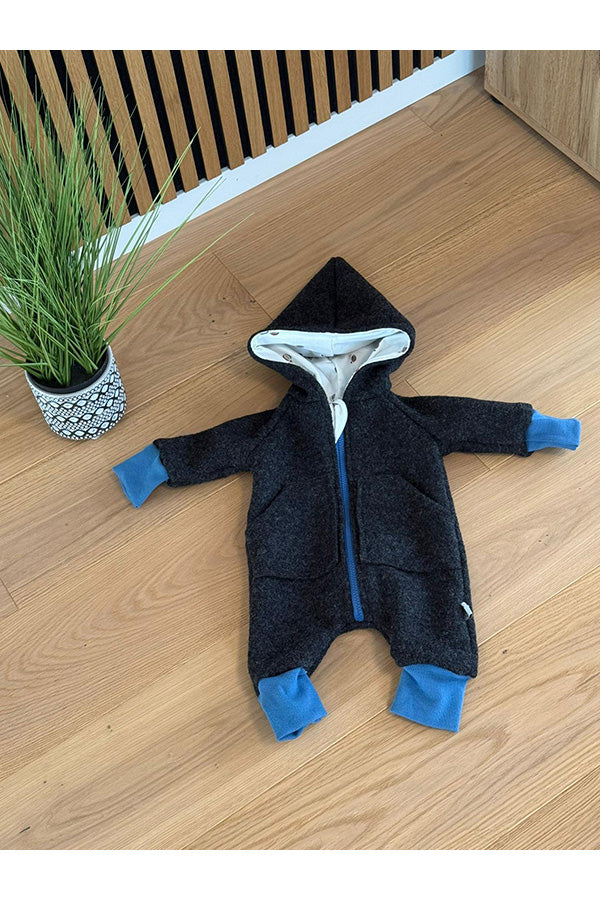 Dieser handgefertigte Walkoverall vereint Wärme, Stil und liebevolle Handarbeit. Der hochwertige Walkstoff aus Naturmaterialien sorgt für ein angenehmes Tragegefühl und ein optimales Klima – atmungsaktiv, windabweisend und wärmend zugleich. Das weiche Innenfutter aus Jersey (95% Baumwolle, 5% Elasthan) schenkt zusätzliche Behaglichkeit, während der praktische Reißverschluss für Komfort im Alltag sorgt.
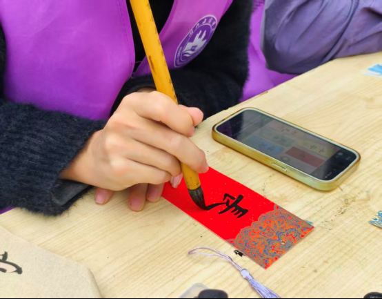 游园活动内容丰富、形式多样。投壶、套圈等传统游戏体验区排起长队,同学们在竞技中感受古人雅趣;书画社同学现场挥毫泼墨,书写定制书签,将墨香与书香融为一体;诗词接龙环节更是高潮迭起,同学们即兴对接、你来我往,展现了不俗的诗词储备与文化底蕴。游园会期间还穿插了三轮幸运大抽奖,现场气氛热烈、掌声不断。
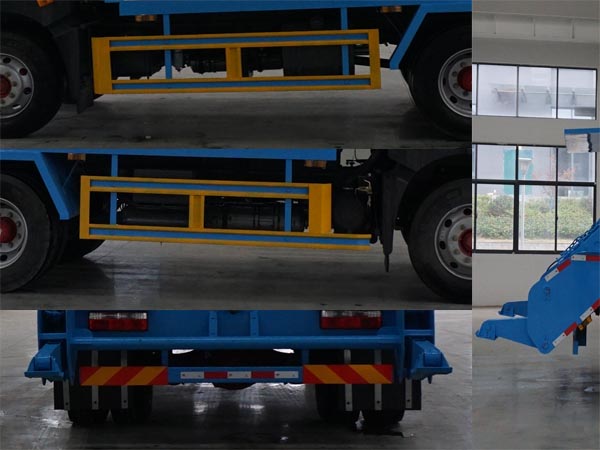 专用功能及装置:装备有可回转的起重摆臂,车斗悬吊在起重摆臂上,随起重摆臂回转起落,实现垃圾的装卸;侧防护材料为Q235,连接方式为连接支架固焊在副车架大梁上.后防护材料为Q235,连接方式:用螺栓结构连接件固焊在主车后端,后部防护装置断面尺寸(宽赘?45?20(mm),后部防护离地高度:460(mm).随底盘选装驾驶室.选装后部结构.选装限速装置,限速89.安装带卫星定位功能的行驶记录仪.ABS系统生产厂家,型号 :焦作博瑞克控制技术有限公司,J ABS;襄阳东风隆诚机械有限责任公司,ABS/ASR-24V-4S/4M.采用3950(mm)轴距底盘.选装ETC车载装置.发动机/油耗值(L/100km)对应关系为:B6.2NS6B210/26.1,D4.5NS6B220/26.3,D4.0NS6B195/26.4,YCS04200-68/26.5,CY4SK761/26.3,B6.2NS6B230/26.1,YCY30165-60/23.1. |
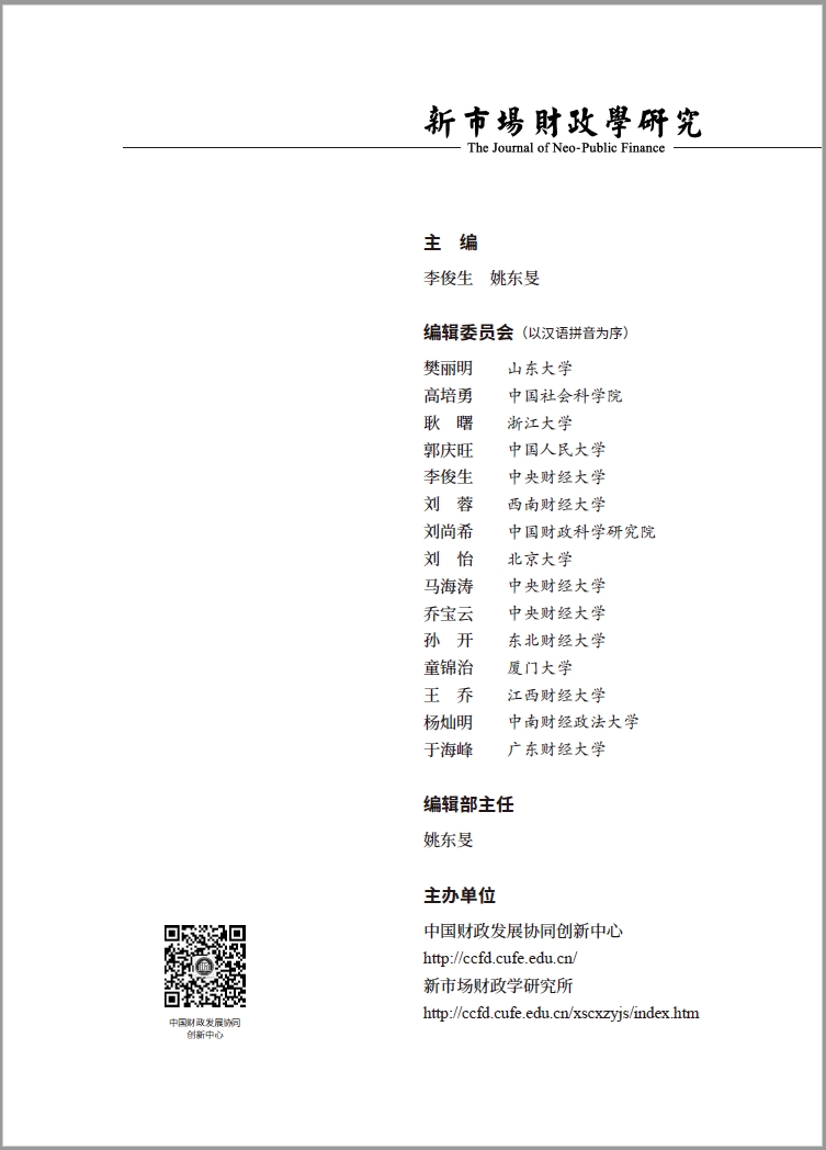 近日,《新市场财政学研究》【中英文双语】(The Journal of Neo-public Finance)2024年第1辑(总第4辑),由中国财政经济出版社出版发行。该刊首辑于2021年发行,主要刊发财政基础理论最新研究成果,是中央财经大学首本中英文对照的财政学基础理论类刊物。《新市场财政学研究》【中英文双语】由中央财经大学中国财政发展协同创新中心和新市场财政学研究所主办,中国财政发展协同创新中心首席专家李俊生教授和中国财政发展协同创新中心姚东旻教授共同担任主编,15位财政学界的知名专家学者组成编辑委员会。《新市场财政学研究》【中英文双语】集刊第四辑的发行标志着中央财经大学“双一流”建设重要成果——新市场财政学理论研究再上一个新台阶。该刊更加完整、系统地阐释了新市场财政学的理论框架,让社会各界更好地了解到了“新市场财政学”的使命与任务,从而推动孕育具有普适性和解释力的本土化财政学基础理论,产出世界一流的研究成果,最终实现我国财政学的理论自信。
· · · · ·
**Exercise description**
An exact copy is needed of the lines from the start of the listing through the line with "游园活动内容丰富、形式多样。", both end lines included and pictures excluded.

**Exercise result**
 Dieser handgefertigte Walkoverall vereint Wärme, Stil und liebevolle Handarbeit. Der hochwertige Walkstoff aus Naturmaterialien sorgt für ein angenehmes Tragegefühl und ein optimales Klima – atmungsaktiv, windabweisend und wärmend zugleich. Das weiche Innenfutter aus Jersey (95% Baumwolle, 5% Elasthan) schenkt zusätzliche Behaglichkeit, während der praktische Reißverschluss für Komfort im Alltag sorgt.
 游园活动内容丰富、形式多样。投壶、套圈等传统游戏体验区排起长队,同学们在竞技中感受古人雅趣;书画社同学现场挥毫泼墨,书写定制书签,将墨香与书香融为一体;诗词接龙环节更是高潮迭起,同学们即兴对接、你来我往,展现了不俗的诗词储备与文化底蕴。游园会期间还穿插了三轮幸运大抽奖,现场气氛热烈、掌声不断。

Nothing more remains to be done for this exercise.